Problem statement:
The line with "夜のミーティング。合宿前に全" marks where to begin; print it and all lines after it in the material below exactly, skipping pictures.

Data for the task:
_ _ _ _

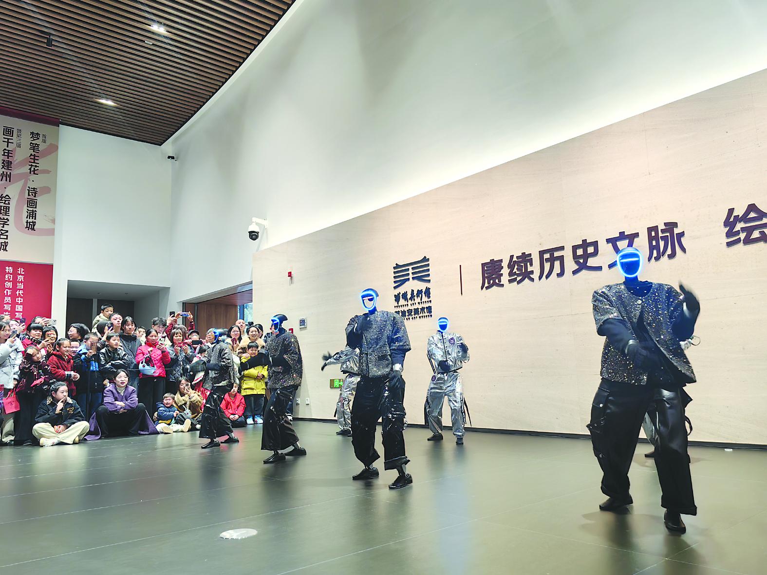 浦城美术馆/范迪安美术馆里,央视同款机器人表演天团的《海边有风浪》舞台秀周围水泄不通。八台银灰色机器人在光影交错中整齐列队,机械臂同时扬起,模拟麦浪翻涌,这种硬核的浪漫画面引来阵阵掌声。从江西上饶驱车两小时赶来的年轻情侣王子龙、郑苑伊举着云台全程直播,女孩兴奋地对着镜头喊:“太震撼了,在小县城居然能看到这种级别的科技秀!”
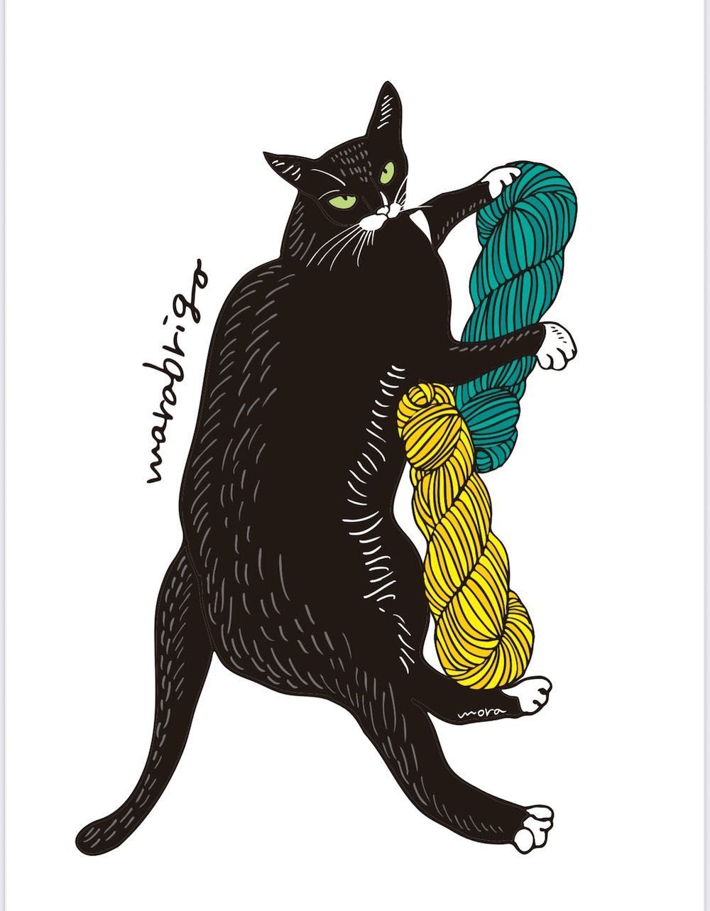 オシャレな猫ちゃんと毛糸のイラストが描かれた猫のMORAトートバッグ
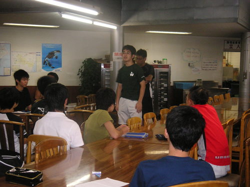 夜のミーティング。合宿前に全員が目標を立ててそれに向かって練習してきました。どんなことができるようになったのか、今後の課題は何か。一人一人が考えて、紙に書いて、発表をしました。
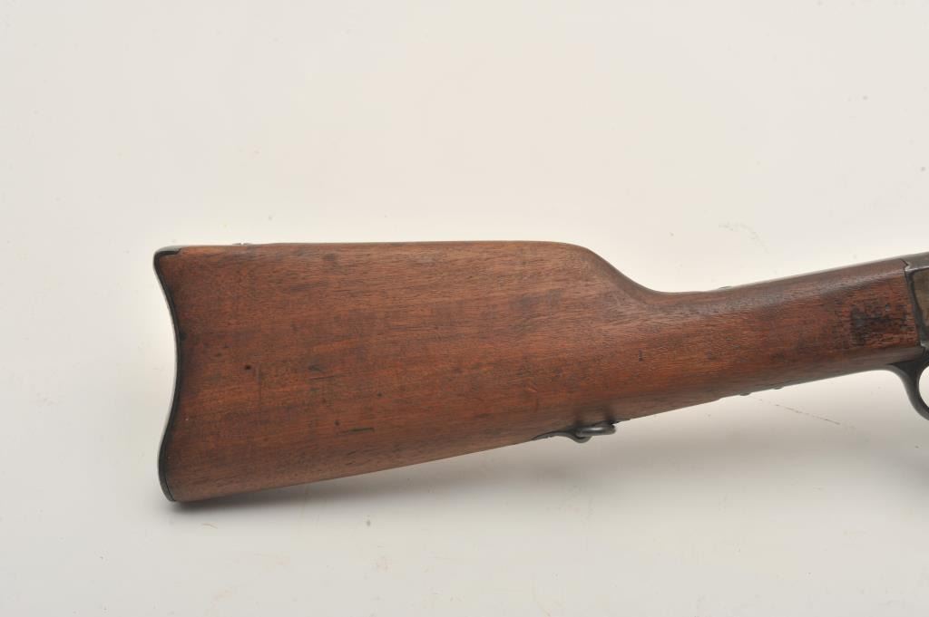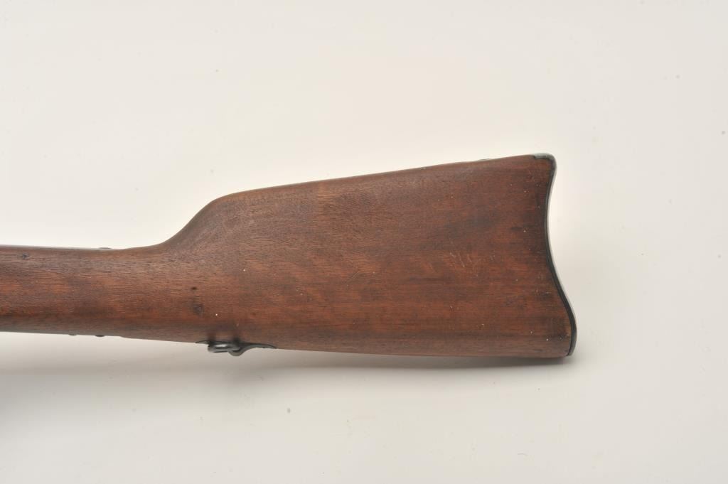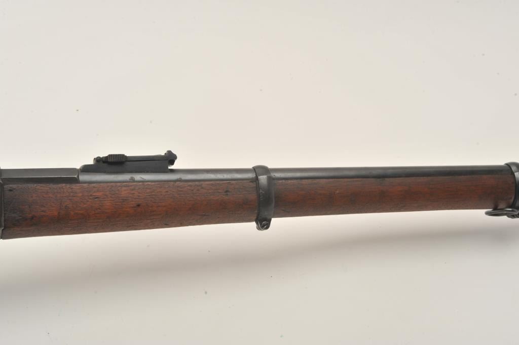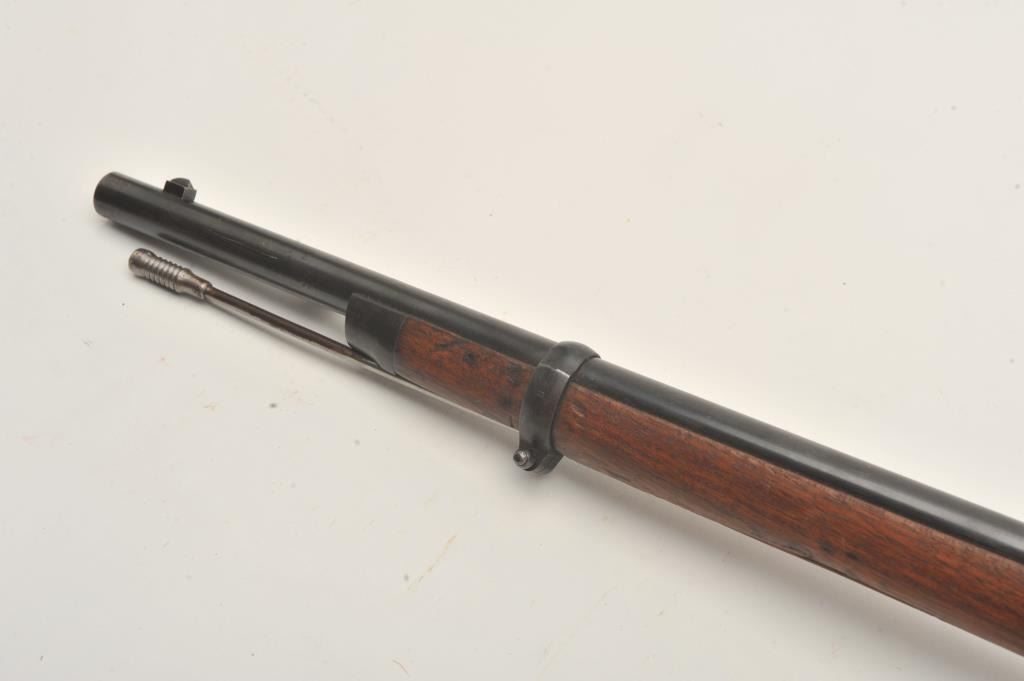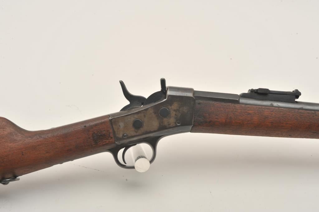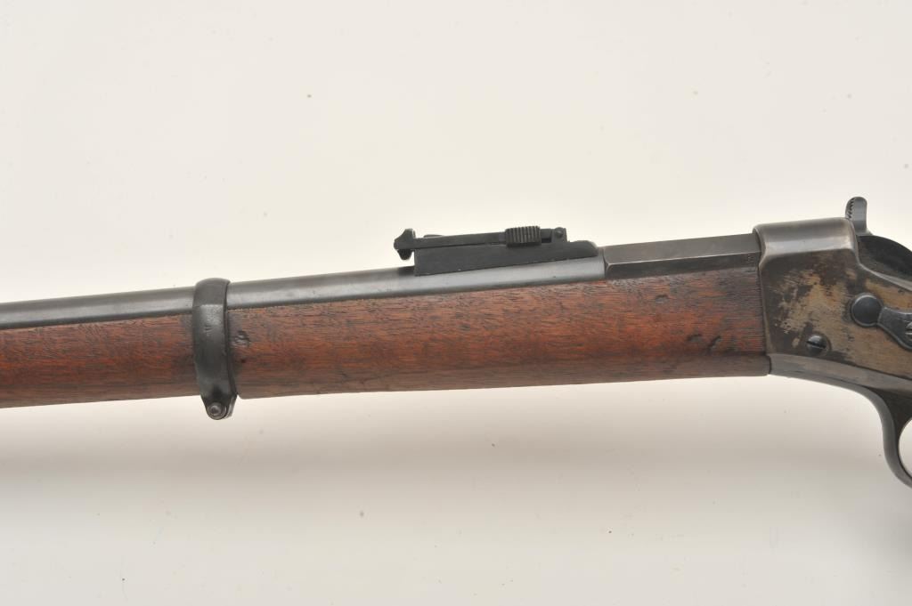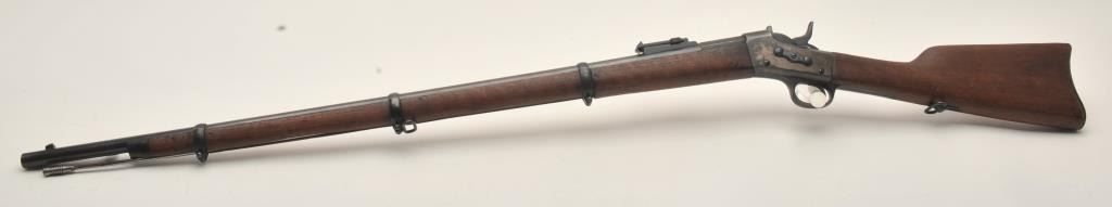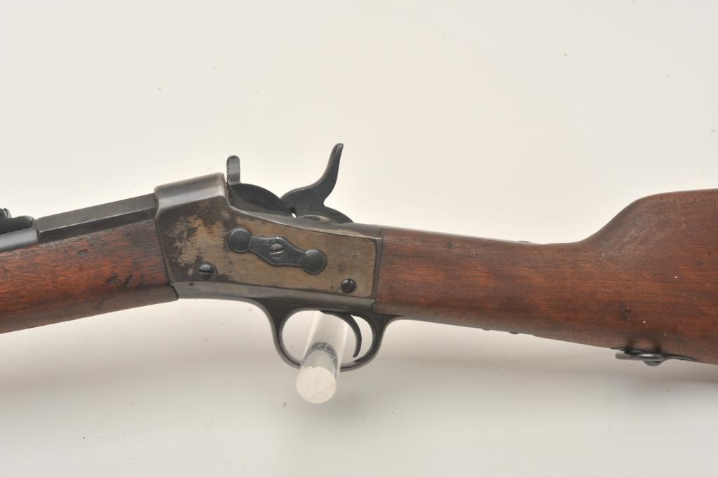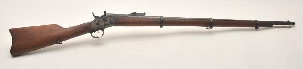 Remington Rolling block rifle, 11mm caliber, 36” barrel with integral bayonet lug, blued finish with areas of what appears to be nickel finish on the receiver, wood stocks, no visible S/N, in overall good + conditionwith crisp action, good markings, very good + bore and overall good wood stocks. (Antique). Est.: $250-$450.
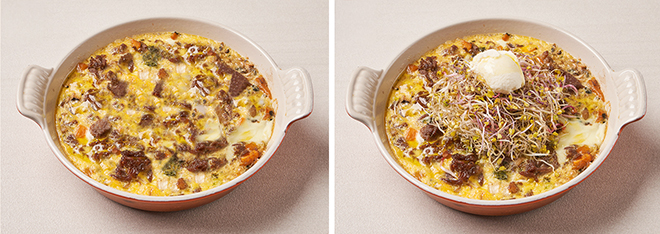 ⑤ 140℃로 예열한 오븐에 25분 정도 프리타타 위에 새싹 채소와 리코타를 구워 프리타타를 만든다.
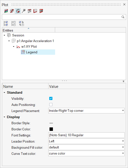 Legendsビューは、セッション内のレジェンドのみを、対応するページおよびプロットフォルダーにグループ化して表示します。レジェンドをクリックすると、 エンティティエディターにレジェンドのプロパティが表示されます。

_ _ _ _

Solution below:
 夜のミーティング。合宿前に全員が目標を立ててそれに向かって練習してきました。どんなことができるようになったのか、今後の課題は何か。一人一人が考えて、紙に書いて、発表をしました。
 Remington Rolling block rifle, 11mm caliber, 36” barrel with integral bayonet lug, blued finish with areas of what appears to be nickel finish on the receiver, wood stocks, no visible S/N, in overall good + conditionwith crisp action, good markings, very good + bore and overall good wood stocks. (Antique). Est.: $250-$450.
 ⑤ 140℃로 예열한 오븐에 25분 정도 프리타타 위에 새싹 채소와 리코타를 구워 프리타타를 만든다.
 Legendsビューは、セッション内のレジェンドのみを、対応するページおよびプロットフォルダーにグループ化して表示します。レジェンドをクリックすると、 エンティティエディターにレジェンドのプロパティが表示されます。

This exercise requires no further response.